Data shown below:

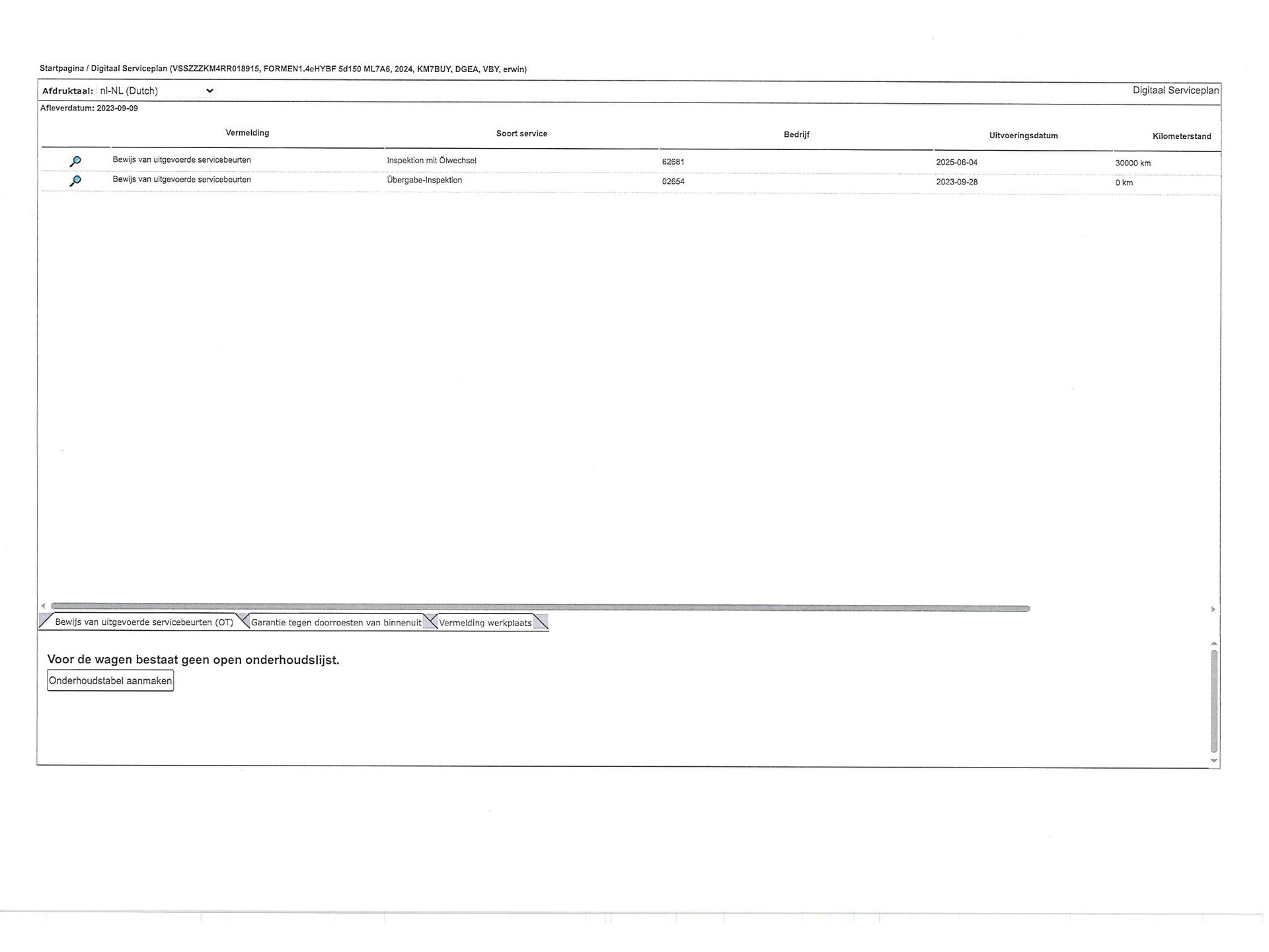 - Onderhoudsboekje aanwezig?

End of Data shown.
Data shown below:

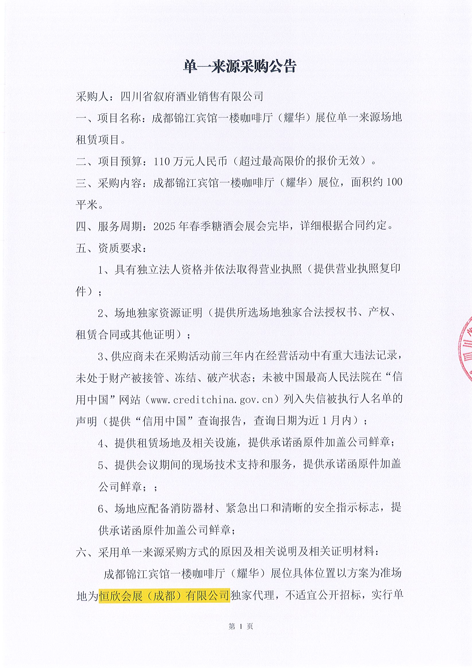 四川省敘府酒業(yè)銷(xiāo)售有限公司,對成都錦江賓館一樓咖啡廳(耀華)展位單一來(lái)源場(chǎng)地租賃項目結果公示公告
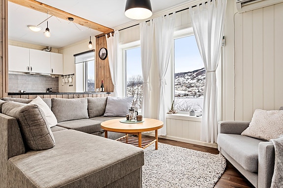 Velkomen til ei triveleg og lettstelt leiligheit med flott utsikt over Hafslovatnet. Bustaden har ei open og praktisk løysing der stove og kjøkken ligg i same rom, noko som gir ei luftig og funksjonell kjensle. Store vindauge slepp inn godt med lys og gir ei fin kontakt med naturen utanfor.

End of Data shown.
Data shown below:

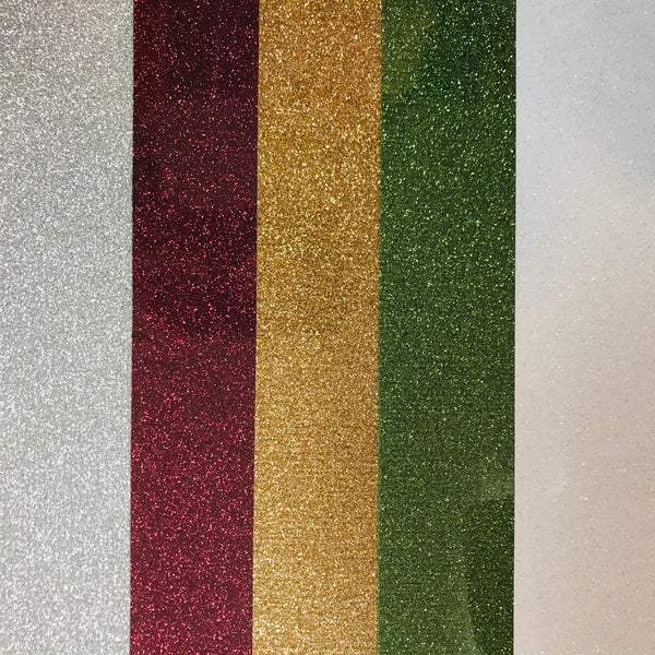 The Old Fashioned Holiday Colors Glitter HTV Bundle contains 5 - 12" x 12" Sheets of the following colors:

End of Data shown.

* What the task asks
Output only the lines above from the line that holds "四川省敘府酒業(yè)銷(x" through the line that holds "Velkomen til ei", both ends included, and exclude pictures.

* Worked solution
 四川省敘府酒業(yè)銷(xiāo)售有限公司,對成都錦江賓館一樓咖啡廳(耀華)展位單一來(lái)源場(chǎng)地租賃項目結果公示公告
 Velkomen til ei triveleg og lettstelt leiligheit med flott utsikt over Hafslovatnet. Bustaden har ei open og praktisk løysing der stove og kjøkken ligg i same rom, noko som gir ei luftig og funksjonell kjensle. Store vindauge slepp inn godt med lys og gir ei fin kontakt med naturen utanfor.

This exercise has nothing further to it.